Snowden's revelations showed that the global digital communication infrastructure was already deeply penetrated by large-scale state surveillance programs, such as PRISM. The integration between civilian platforms and security apparatus does not depend on military symbols. It occurs at the structural level, in chains of technical cooperation and in zones of secrecy legitimized by “national security.”
In this context, contemporary warfare becomes less dependent on firepower and more on informational power. The battlefield is organized as an operational chain: detect, identify, track, prioritize, engage, evaluate – the so-called kill chain. When algorithms accelerate this chain, they shorten the time for human deliberation and shift critical decisions to opaque, often proprietary, systems. Violence becomes faster, more automatable, and less traceable in terms of accountability.
In 2024, reports revealed the use of the Lavender system, employed by Israel to select human targets in Gaza, through the automated cross-referencing of data and probabilistic classifications [5]. The central issue is not only the use of AI, but its logic: people converted into statistical categories; suspicion transformed into scores; prioritization done by models that are difficult to audit. In this arrangement, error ceases to be marginal and becomes structural.

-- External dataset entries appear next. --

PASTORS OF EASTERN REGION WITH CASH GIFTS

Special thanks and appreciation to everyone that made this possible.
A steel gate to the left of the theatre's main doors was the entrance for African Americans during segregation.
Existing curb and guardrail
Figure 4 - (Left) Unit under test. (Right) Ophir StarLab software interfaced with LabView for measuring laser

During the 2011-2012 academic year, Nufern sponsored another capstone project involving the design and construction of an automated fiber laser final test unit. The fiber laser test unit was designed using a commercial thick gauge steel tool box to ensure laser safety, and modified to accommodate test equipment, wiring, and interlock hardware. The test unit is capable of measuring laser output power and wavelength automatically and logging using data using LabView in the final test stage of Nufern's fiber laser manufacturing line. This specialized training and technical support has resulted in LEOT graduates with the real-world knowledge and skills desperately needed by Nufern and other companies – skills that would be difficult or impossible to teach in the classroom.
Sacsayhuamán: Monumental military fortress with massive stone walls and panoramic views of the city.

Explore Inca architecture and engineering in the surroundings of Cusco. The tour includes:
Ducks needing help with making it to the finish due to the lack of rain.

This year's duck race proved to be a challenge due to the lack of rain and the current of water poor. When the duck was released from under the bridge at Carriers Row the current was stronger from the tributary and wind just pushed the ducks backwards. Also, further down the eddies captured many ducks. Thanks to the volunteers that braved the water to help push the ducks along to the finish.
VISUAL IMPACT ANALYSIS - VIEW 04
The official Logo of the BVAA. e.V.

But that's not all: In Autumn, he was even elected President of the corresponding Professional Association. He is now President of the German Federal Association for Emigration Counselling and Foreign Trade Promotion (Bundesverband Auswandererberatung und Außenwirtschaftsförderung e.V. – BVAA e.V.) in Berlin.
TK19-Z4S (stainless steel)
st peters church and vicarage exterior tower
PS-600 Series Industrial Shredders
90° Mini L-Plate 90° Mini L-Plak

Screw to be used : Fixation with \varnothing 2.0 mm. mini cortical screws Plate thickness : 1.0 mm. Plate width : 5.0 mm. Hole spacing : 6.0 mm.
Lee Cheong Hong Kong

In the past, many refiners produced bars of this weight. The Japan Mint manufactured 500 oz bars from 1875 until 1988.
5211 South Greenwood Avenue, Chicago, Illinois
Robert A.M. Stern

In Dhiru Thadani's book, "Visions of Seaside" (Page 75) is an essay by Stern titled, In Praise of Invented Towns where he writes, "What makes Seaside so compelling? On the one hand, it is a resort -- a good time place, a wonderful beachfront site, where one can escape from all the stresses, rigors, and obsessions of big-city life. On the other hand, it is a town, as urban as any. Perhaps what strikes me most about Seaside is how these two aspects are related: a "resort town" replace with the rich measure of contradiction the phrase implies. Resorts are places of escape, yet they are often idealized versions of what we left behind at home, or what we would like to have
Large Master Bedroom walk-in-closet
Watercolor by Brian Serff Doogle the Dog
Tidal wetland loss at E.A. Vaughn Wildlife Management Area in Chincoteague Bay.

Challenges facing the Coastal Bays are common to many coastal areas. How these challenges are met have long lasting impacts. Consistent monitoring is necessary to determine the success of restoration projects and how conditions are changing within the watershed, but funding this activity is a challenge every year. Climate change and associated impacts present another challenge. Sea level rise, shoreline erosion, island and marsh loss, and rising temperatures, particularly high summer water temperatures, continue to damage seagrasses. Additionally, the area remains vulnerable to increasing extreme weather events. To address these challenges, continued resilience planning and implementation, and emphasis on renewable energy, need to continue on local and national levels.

If Lavender represents the top of the chain, Project Nimbus represents the base: the computing infrastructure. In 2021, Israel signed a billion-dollar contract with Google and Amazon for cloud services intended for the government and security forces.5 Without massive storage, database integration, and large-scale processing, algorithmic warfare cannot be sustained. When this infrastructure belongs to transnational corporations, state secrets and industrial secrets combine, making auditing and public control difficult.
In the United States, Project Maven provided a precedent. Created to apply AI to image analysis and drone surveillance, it involved Google and generated internal protests and resignations in 2018.6 Even when there is ethical resistance, the incentive structure remains. Furthermore, Maven highlights the dual-use nature of the technology: civilian systems easily converted into military applications.
Integration has been institutionalized since the last decade. In 2016, the Department of Defense introduced DIUx as a bridge between the military apparatus and the innovation ecosystem.7 Detachment 201 signals a step further: less bridging, more incorporation. The capabilities of digital capitalism cease to be peripheral and become part of the institutional engineering of the armed state.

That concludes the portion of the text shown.